If you do not want the Integrations Plugins or the Enterprise Plugins installed, then simply run sudo apt-get install graylog-server

Edit the Configuration File

Read the instructions within the configurations file and edit as needed, located at /etc/graylog/server/server.conf. Additionally add password_secret and root_password_sha2 as these are mandatory and Graylog will not start without them.

To create your root_password_sha2 run the following command:

$ echo -n "Enter Password: " && head -1 </dev/stdin | tr -d '\n' | sha256sum | cut -d" " -f1

To be able to connect to Graylog you should set http_bind_address to the public host name or a public IP address of the machine you can connect to.
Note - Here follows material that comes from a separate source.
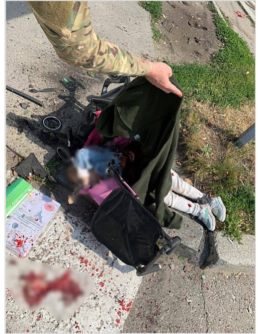
Corps d'un enfant tué dans une attaque de missile russe sur le centre-ville de Vinnytsia

Une vidéo de drone vérifiée par le New York Times a montré deux véhicules blindés russes tirant sur un civil marchant sur un vélo. Une vidéo ultérieure a montré le corps couché à côté d'un vélo. [72] The Economist a rapporté qu'un homme piégé à un point de contrôle qui a pris des tirs d'artillerie alors a été capturé, battu et torturé, puis emmené à l'extérieur pour être abattu. Il a joué à mort

More information about these settings can be found in Configuring the web interface.

Note

If you’re operating a single-node setup and would like to use HTTPS for the Graylog web interface and the Graylog REST API, it’s possible to use NGINX or Apache as a reverse proxy.

The last step is to enable Graylog during the operating system’s startup and verify it is running.

$ sudo systemctl daemon-reload
$ sudo systemctl enable graylog-server.service
$ sudo systemctl start graylog-server.service
$ sudo systemctl --type=service --state=active | grep graylog

The next step is to ingest messages into your Graylog and extract the messages with extractors or use the Pipelines to work with the messages.

Multiple Server Setup

If you plan to have multiple server taking care of different roles in your cluster like we have in this big production setup you need to modify only a few settings. This is covered in our Multi-node Setup guide. The default file location guide will give you the file you need to modify in your setup.